2013 Cavan SFC

Tournament details
- County: Cavan
- Province: Ulster
- Year: 2013
- Trophy: Oliver Plunkett Cup
- Sponsor: Hotel Kilmore
- Date: 9 August - 13 October 2013
- Teams: 17
- Defending champions: Mullahoran

Winners
- Champions: Ballinagh (1st win)
- Manager: Ciaran O'Reilly
- Captain: Killian McBride
- Qualify for: 2013 Ulster Club SFC

Runners-up
- Runners-up: Cavan Gaels
- Manager: Joe O'Connor
- Captain: Eamonn Reilly

Promotion/Relegation
- Relegated team(s): Belturbet

Other
- Player of the Year: Eamonn Reilly (Cavan Gaels)

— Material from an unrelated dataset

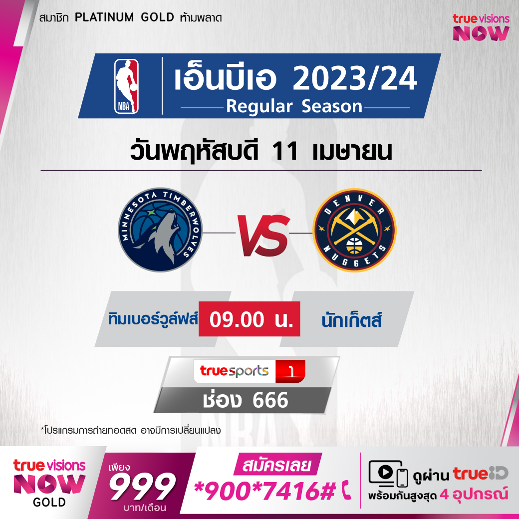 วันพฤหัสบดี 11 เม.ย. Timberwolves Vs Nuggets เวลา 09.00 ทางช่อง TS 1 (666)

= 2013 Cavan Senior Football Championship =

County-level annual Gaelic sports competition, Ireland

The 2013 Cavan Senior Football Championship was the 105th edition of Cavan GAA's premier club Gaelic football tournament for senior graded teams in County Cavan, Ireland. The tournament consists of 17 teams, with the winner going on to represent Cavan in the Ulster Senior Club Football Championship.

Mullahoran were the defending champions, but exited the championship to Cavan Gaels at the quarter-final stage.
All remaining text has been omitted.